私たちは、ADIの寛大な供給のためDesigneRx博士ジェニー魏ジェンクン博士とボル·ウェンウーに感謝します。
Materials
Name | Company | Catalog Number | Comments |
Arginine Deiminase (ADI) | DesigneRx | ||
HEPES | Sigma | H4034 | |
Casein | Sigma | C5890 | |
Paraformaldehyde | Fisher | 4042 | |
Saponin | Sigma | S4521 | |
Alexa anti-mouse 555 | Invitrogen | A21422 | |
Alexa anti-rabbit 647 | Invitrogen | A21244 | |
LysoTracker Red DND-99 | Invitrogen | L7528 | |
anti-Lamp1 | DSHB | H4A3 | |
anti-Cadherin | Cell Signaling | #3195 | |
SlowFade Gold | Invitrogen | S36936 | |
35 mm poly-d-lysine coated glass bottom plate | MatTek | P35GC-1.5-1.4-C | |
No.1, 22 mm coverslip | Corning | #2865-22 | |
Microscope slides | Globe Scientific | 1324G |
References
- Kim, R. H., Coates, J. M., Bowles, T. L., McNerney, G. P., Sutcliffe, J., Jung, J. U., Gandour-Edwards, R., Chuang, F. Y., Bold, R. J., Kung, H. J. Arginine deiminase as a novel therapy for prostate cancer induces autophagy and caspase-independent apoptosis. Cancer Res. 69 (2), 700-708 (2009).
- Miyazaki, K., Takaku, H., Umeda, M., et al. Potent growth inhibition of human tumor cells in culture by arginine deiminase purified from a culture medium of a Mycoplasma-infected cell line. Cancer Res. 50, 4522-4527 (1990).
- Takaku, H., Matsumoto, M., Misawa, S., Miyazaki, K. Anti-tumor activity of arginine deiminase from Mycoplasma argini and its growth-inhibitory mechanism. Jpn. J. Cancer Res. 86, 840-846 (1995).
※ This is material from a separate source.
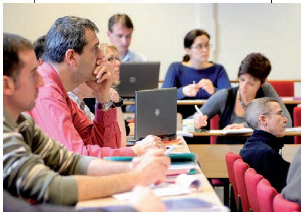
Formation continue à IAE de Lyon

Une expérience à l'étranger constitue aussi un atout indéniable et une bonne porte d'entrée pour accéder par la suite à des responsabilités dans la Supply Chain. Depuis 2000, la voie royale pour ce type de missions à l'international s'appelle le V.I.E (Volontariat International en Entreprise), pour
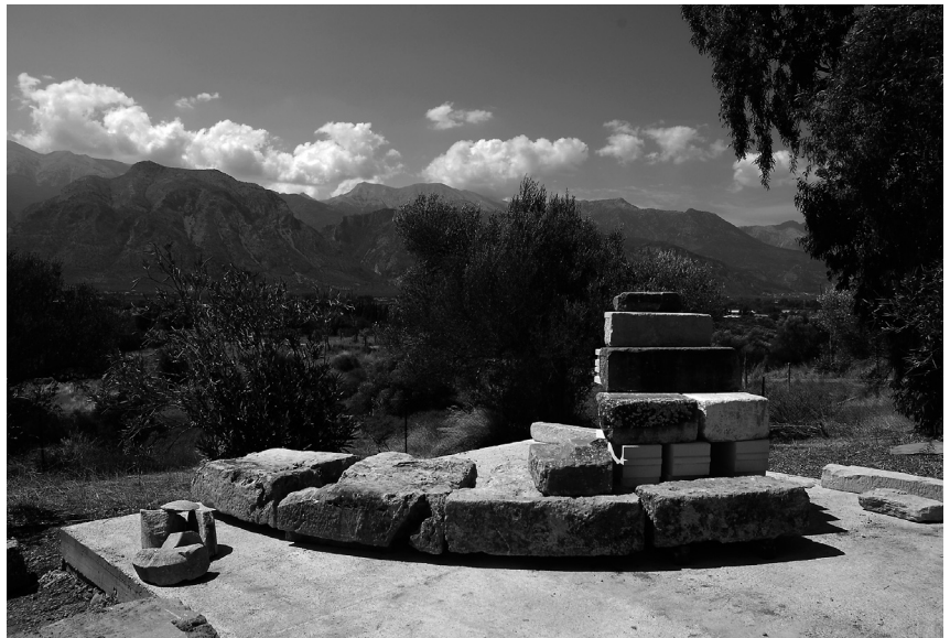
Εικ. 6. Στη δεύτερη εξέδρα συγκεντρώθηκαν και τοποθετήθηκαν δοκιμαστικά ορισμένοι από τους συσχετιζόμενους μεταξύ τους λίθους του κυκλικού βαθμιδωτού Βωμού.

- Levine, B., Klionsky, D. J. Development by self-digestion: molecular mechanisms and biological functions of autophagy. Dev. Cell. 6, 463-477 (2004).
- Mizushima, N., Levine, B., Cuervo, A. M., Klionsky, D. J. Autophagy fights disease through cellular self-digestion. Nature. 451, 1069-1075 (2008).
- Kabeya, Y., Mizushima, N., Ueno, T. LC3, a mammalian homologue of yeast Apg8p, is localized in autophagosome membranes after processing. EMBO J. 19, 5720-5728 (2000).
- Pattingre, S., Espert, L., Biard-Piechaczyk, M., Codogno, P. Regulation of macroautophagy by mTOR and Beclin 1 complexes. Biochimie. 90, 313-323 (2008).
- Maiuri, M. C., Criollo, A., Tasdemir, E., et al. BH3-only proteins and BH3mimetics induce autophagy by competitively disrupting the interaction between Beclin 1 and Bcl-2/Bcl-X(L). Autophagy. 3, 374-376 (2007).
- Crighton, D., Wilkinson, S., O'Prey, J., et al. DRAM, a p53-induced modulator of autophagy, is critical for apoptosis. Cell. 126, 121-134 (2008).
- Dillon, B. J., Prieto, V. G., Curley, S. A., et al. Incidence and distribution of argininosuccinate synthetase deficiency in human cancers: a method for identifying cancers sensitive to arginine deprivation. Cancer. 100, 826-833 (2004).
- Dale, B. M., McNerney, G. P., Thompson, D. L., et al. Cell-to-cell transfer of HIV-1 via virological synapses leads to endosomal virion maturation that activates viral membrane fusion. Cell Host & Microbe. 10 (6), 551-562 (2011).
- Cogger, V. C., McNerney, G. P., Nyunt, T., et al. Three-dimensional structured illumination microscopy of liver sinusoidal endothelial cell fenestrations. J. Struct. Biol. 171 (3), 382-388 (2010).
- York, A. G., Parekh, S. H., Nogare, D. D., et al. Resolution doubling in live, multicellular organisms via multifocal structured illumination microscopy. Nat. Methods. 9 (7), 749-754 (2012).
- Gustafsson, M. G. L. Surpassing the lateral resolution limit by factor of two using structured illumination microscopy. Journal of Microscopy. 198, 82-87 (2000).
- Shao, L., Kner, P., Rego, E. H., Gustaffson, M. G. Super-resolution 3D microscopy of live whole cells using structured illumination. Nat. Method. 8 (12), 1044-1046 (2011).